Task objective — At the line with "- Aldi Specially", start transcribing; stop after the last line of the data below. Keep it exact and leave pictures out.

***** Data

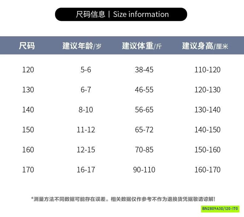 ✔Size : 120 – 170
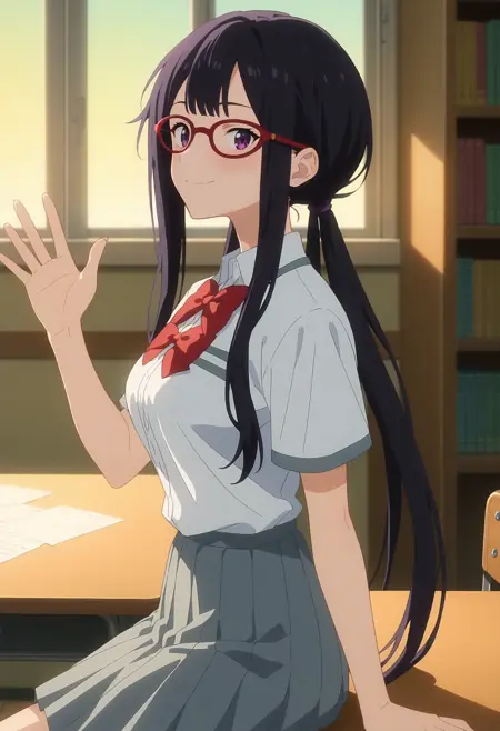 KJOkoto, 黒髪, 紫色の目, 長髪, 低めのツインテール, 赤いメガネ,
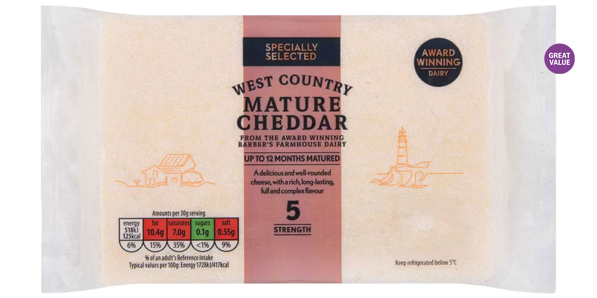 - Aldi Specially Selected West Country Mature Cheddar Cheese, 74% – £3.39 for 350g. Available from Aldi (in-store only)
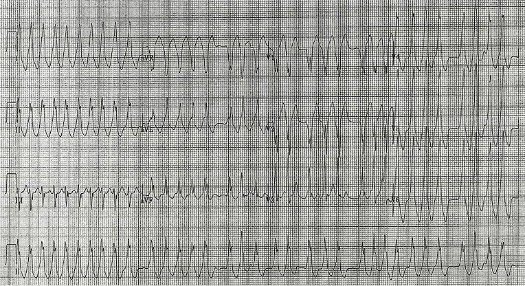 224 ) A 38 year old man presents to the emergency room with complaints of palpitations that started 5 hours ago and are persistent. He denies having similar episodes in the past. He has no fever or shortness of breath or chest pain. His past medical history is unremarkable and he is not on any medications. On examination, blood pressure is 110/60 mmHg, heart rate 130/min, RR 20/min and temperature 98.6 F. Cardiovascular examination reveals irregularly, irregular heart rate at 140beats/min. An Electrocardiogram now is shown below :

**********

Finished exercise —
 - Aldi Specially Selected West Country Mature Cheddar Cheese, 74% – £3.39 for 350g. Available from Aldi (in-store only)
 224 ) A 38 year old man presents to the emergency room with complaints of palpitations that started 5 hours ago and are persistent. He denies having similar episodes in the past. He has no fever or shortness of breath or chest pain. His past medical history is unremarkable and he is not on any medications. On examination, blood pressure is 110/60 mmHg, heart rate 130/min, RR 20/min and temperature 98.6 F. Cardiovascular examination reveals irregularly, irregular heart rate at 140beats/min. An Electrocardiogram now is shown below :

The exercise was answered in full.